++++ Data section

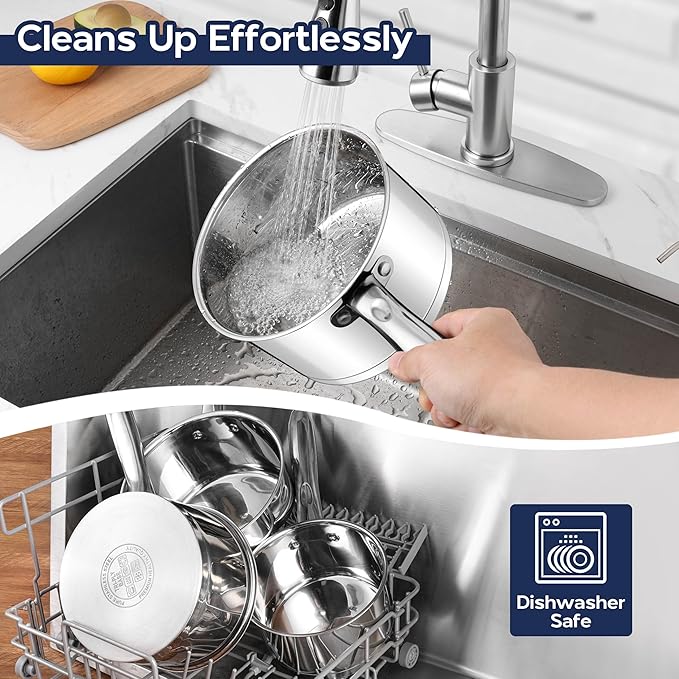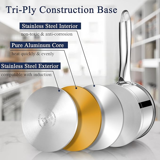• Suitable for all Stovetops: the stainless steel saucepan is constructed of try-ply bottom, with an aluminum core for even heat distribution and quick heating, also compatible with all cooktops, including induction, gas, electric, and ceramic, meets your versatile cooking needs
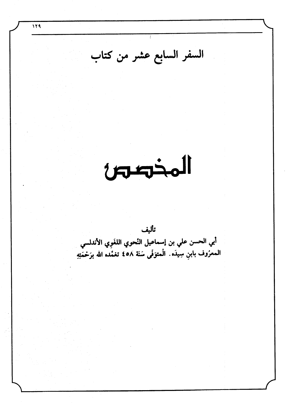 1 - السّفر السَّابِع عشر من كتاب الْمُخَصّص
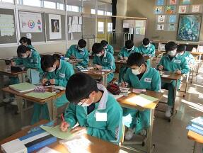 先日実施された、私立高等学校の入試問題にチャレンジしていました。来年の今頃を想像し、自分のこととして受け止めて取り組むことを期待しています。3年生に進級するまでのこれからの3ヶ月間は、高校入試0学期という気持ちで頑張ってください。
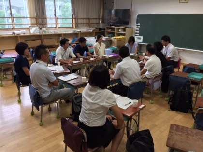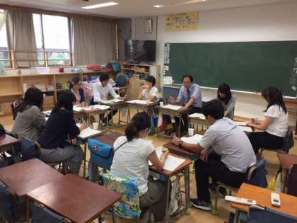 多聞小学校の研究授業を、多聞小・代沢小・池之上小・富士中の教員で参観し、「学び舎の児童・生徒の豊かな知力育成のための重点」を確認しながら意見交換を行う交流会が行われました。
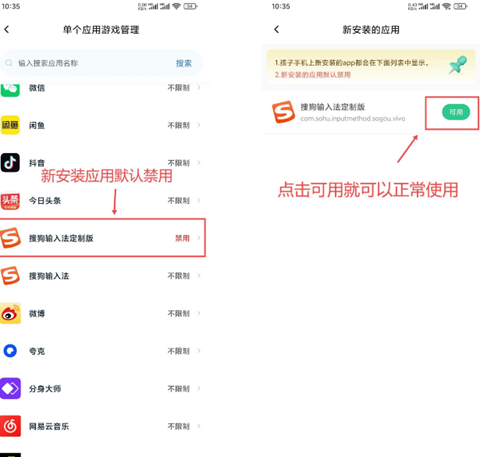 新安装应用:新安装应用默认禁用,点击可用就可以正常使用
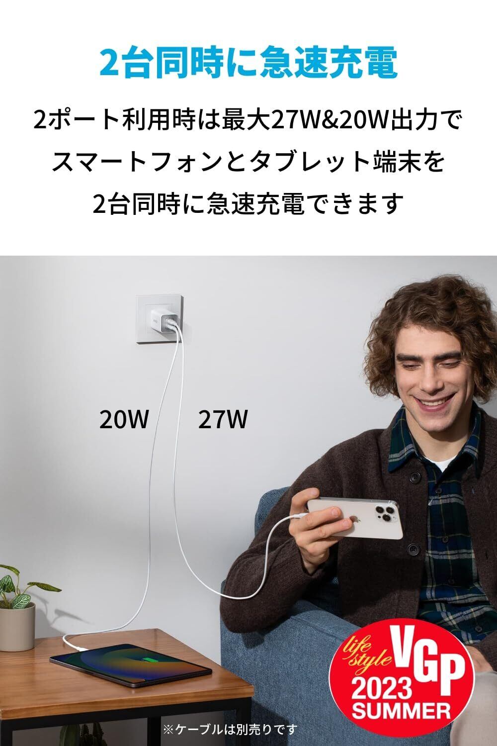 2台同時急速充電:USB PD対応の2つのポートを搭載し、2ポート利用時にも最大27W&20W出力が可能。スマートフォンやタブレットなど、2台のデバイスを同時に充電することができます。

++++++++

== Problem requirements ==
Your output should be the lines above from the one that contains "先日実施された、私立高等学校" through the one that contains "新安装应用:新安装应用默认禁用,点击可用就可以正常使用", word for word, with pictures left out.

== Solution ==
 先日実施された、私立高等学校の入試問題にチャレンジしていました。来年の今頃を想像し、自分のこととして受け止めて取り組むことを期待しています。3年生に進級するまでのこれからの3ヶ月間は、高校入試0学期という気持ちで頑張ってください。
 多聞小学校の研究授業を、多聞小・代沢小・池之上小・富士中の教員で参観し、「学び舎の児童・生徒の豊かな知力育成のための重点」を確認しながら意見交換を行う交流会が行われました。
 新安装应用:新安装应用默认禁用,点击可用就可以正常使用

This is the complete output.